Из «Лендровера» выскочил долговязый тщедушный мужчина в шортах, панамке и со здоровенным фотоаппаратом на длинной шее. Из двери водителя тяжело вытаскивал свое тело толстяк в белой форме ООН. Максим спрыгнул на дорогу.
– Стоять, не разговаривать, не перемигиваться, не посылать телепатических сообщений и не корчить гримас! Прощаться с жизнью, вспоминать грехи! Если нет сигарет, – он харкнул на асфальт, – обоих изнасилую! Начнем с тебя, – он кивнул на долговязого. – Ты симпатичнее...
Дрожащей рукой толстяк протянул пачку «Кэмэл-лайт» и зажигалку. Максим схватил сигареты, достал одну и, оторвав фильтр, закурил.
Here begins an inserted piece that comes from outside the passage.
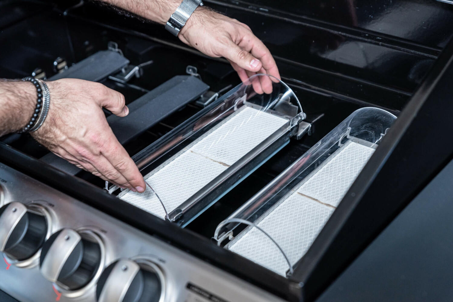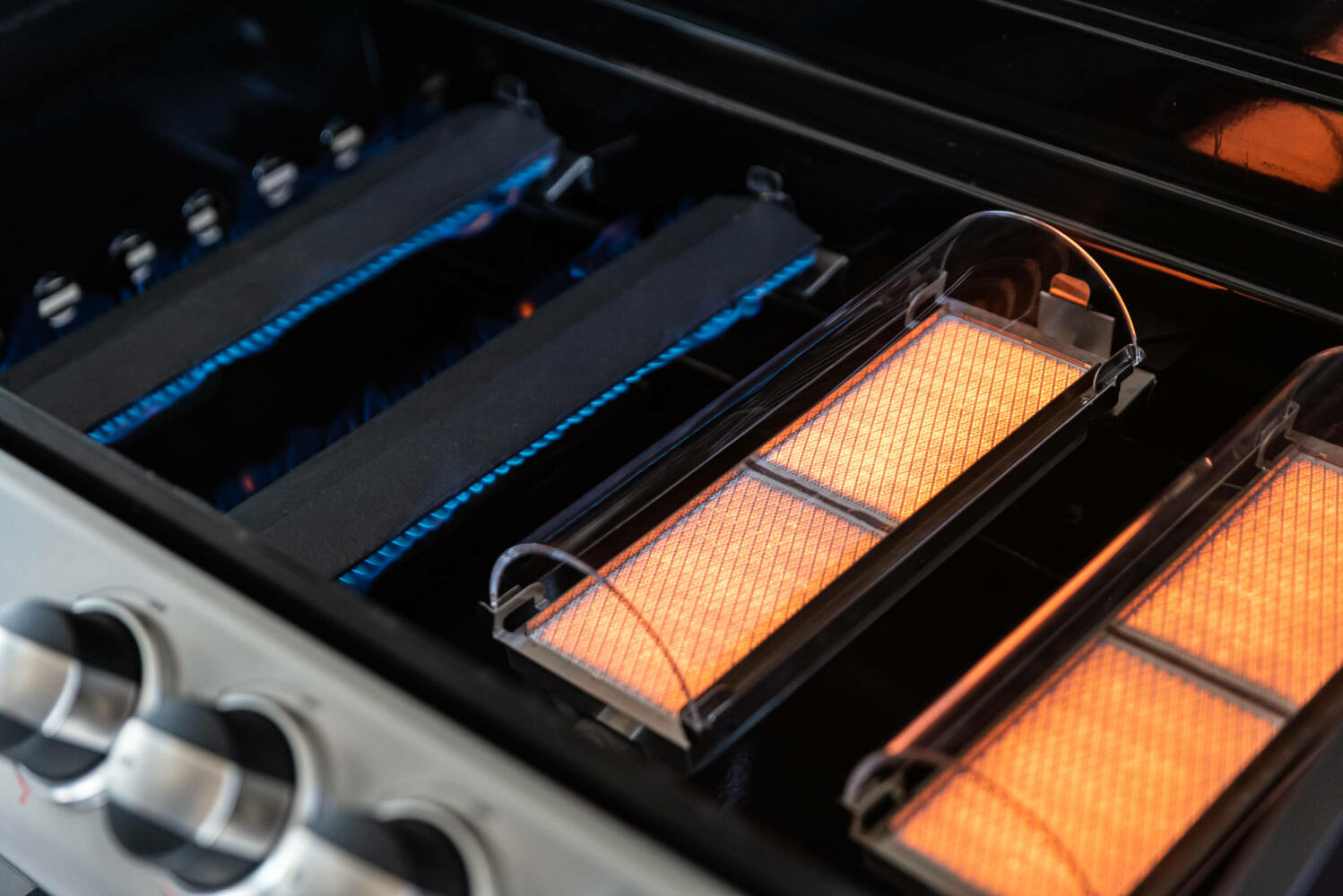 מעל מבערי Infra Red קיימת זכוכית קוורץ נשלפת (עמידה לשטיפה במדיח) המשמשת כמגן להבה לצמצום תופעת התפרצות הלהבות .

– Уф-ф, лепота... – проговорил он, садясь на землю. Потом откинулся на спину и выпустил струйку дыма в сторону проплывающего над ним облачка.
Жанна расхаживала над ним, наслаждаясь ситуацией.
– А что с этими делать?
Макс затянулся и лениво протянул:
– Расстрелять...
– Постойте, постойте! – задребезжал ооновец. – Я лицо неприкосновенное!
– Помилуйте! Пожалуйста, помилуйте! – вторил ему длинный.
Максим сел и улыбаясь прищурился.
– Отставить расстрелять! Выдать по рюмке водки и отпустить.
– Вы не представляете, что творите! Я – комиссар ООН, я...
– Заткнись! – Оборвал его Макс, резко вставая. – Я впервые за два дня курю, а они: «Простите, пощадите!», нытики, шуток, что ли не понимаете?
Краска возвращалась к лицу комиссара. Автомат негритянки больше не смотрел в его большой живот. Долговязый даже улыбнулся, видимо, постигнув глубину шутки, от которой у него дергалось веко. Ооновец поискал в кармане сигареты, но, вспомнив, не решился требовать их назад. Он перегнулся через открытое окно и взял новую пачку.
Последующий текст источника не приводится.